Manipulators & Deceivers

When your so vested in your industry, starting out, waiting to get IN, you tend to forget. Forget what? Forget what the rest of the world thinks of you. I quickly realized it today. In my daily routine of checking my 5 e-mail accounts, 2 advertising trades, 50 advertising blogs and daily news sites I came across this:

"And Then We Came To The End," by Joshua Ferris, a former adman, who explains his old job as follows: "We were the hired guns of the human soul. We pulled the strings on the people across the land and by god they got to their feet and they danced for us." Welcome to the working week!

Joshua Ferris, a former employee of Chicago's Davis Harrison Dion found a gold nugget. While I'm trying to get IN, I lost of what others think of the industry I'm trying to get INto. Ad people are clumped in with used car salesmen. We lie, deceive and manipulate to get sell products people don't need. Somewhere in the dark, locked place in my mind I know this is partly true BUT it does not lessen my desire to get IN. This does give me a reality check.

In the ad industry, there is talk of a thick, viscous, cluttered world. There are models being constructed right now to decrease this in fear of a complete block out of ad messages all together by consumers. One is a movements to make commercials base their success and length of stay on tv by ratings like TV shows. But this is only half of it. What I've realized is that the number of messages out there don't really matter. What matters is the quality of the message. What you say and how you say it. If your product is there just as a filler or to make useless noise then it doesn't matter.

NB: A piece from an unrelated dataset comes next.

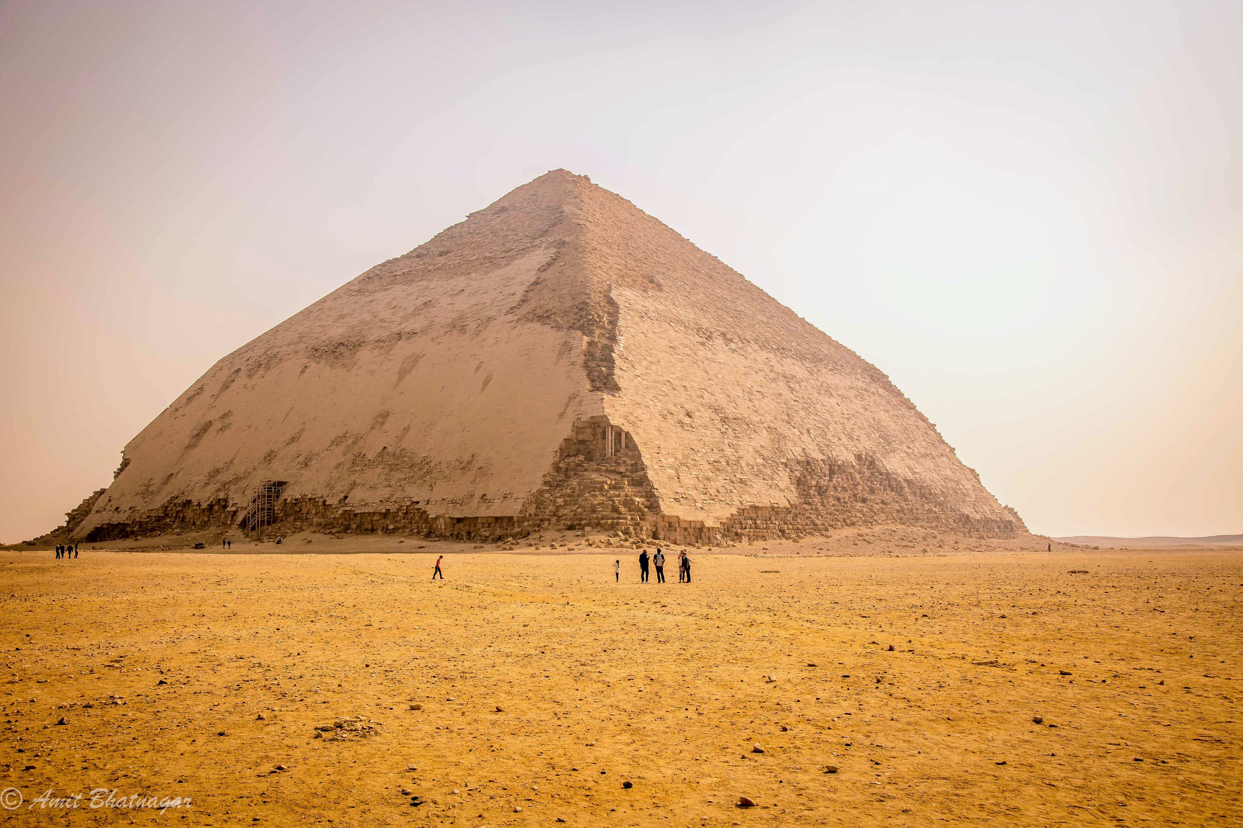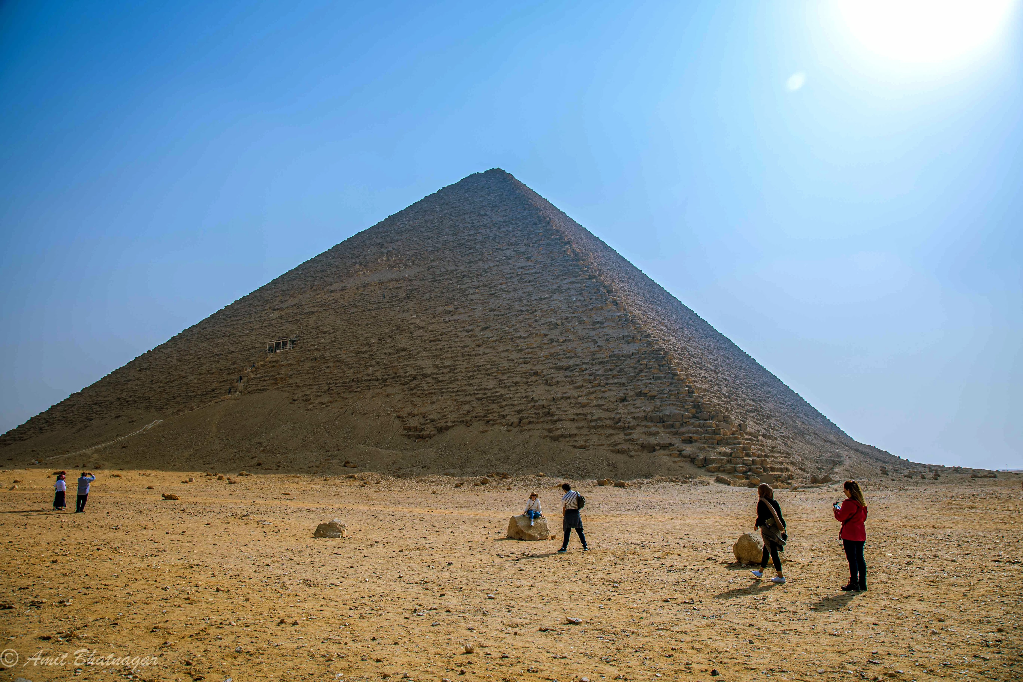 There are two other pyramids in the area that are worth a visit, each being just a short drive away. There is the first large pyramid ever attempted – they started at a very steep angle and realized that it would be too tall when it finished. So they changed the angle mid-way and it is visible. The pyramid is a little asymmetrical and a little ugly. But they learn from their mistakes – the next pyramid is perfectly symmetrical and well constructed – just quite damaged. Time is not equally kind to all pyramids.

This book is a reminder that it is important not to throw more fuel in the fire. I am here to help quiet it down.

Tuesday, April 24, 2007

I'm Back...

SO like my fellow planner Erin, I am starting my version of a planning blog. This is about finding my way in an ever-changing world.....

In reading an article about the value of MySpace to marketers and brands, I found a golden nugget,

"advertising and marketing is a co-creation process in which a brand can have a meaning it wants to convey through advertising, but consumers create that meaning when they see the brand in a context that generates meaning."

IF brands are not placed in mediums that consumers 1) are welcoming to messages 2) and placed in the appropriate environment it will lose value and meaning to consumers. The brand becomes part of the clutter that is currently affecting the industry. To better serve the brand, a clear and 3-dimensional picture must be painted of the consumer including appropriate outlets they interact with on a daily basis. In doing so, we can find opportunistic ways a consumer can create meaningful experiences with the brand.

Another example of why its so important to understand consumer in & out

"When Burger King finally landed on the target segment it wanted to win with most -- 18- to 35-year-old males -- and what was most important to them, the fast-food giant never looked back. It tapped into its roots while embracing innovation across all of the four P's.

Tactics such as SubservientChicken.com reignited the brand's relevance to a younger crowd while spurring epic levels of internet chat. The creative rebirth of its kingly (if creepy) brand icon through such savvy promotions as the much-sought-after Halloween masks and its XBox partnership helped give Burger King relevance."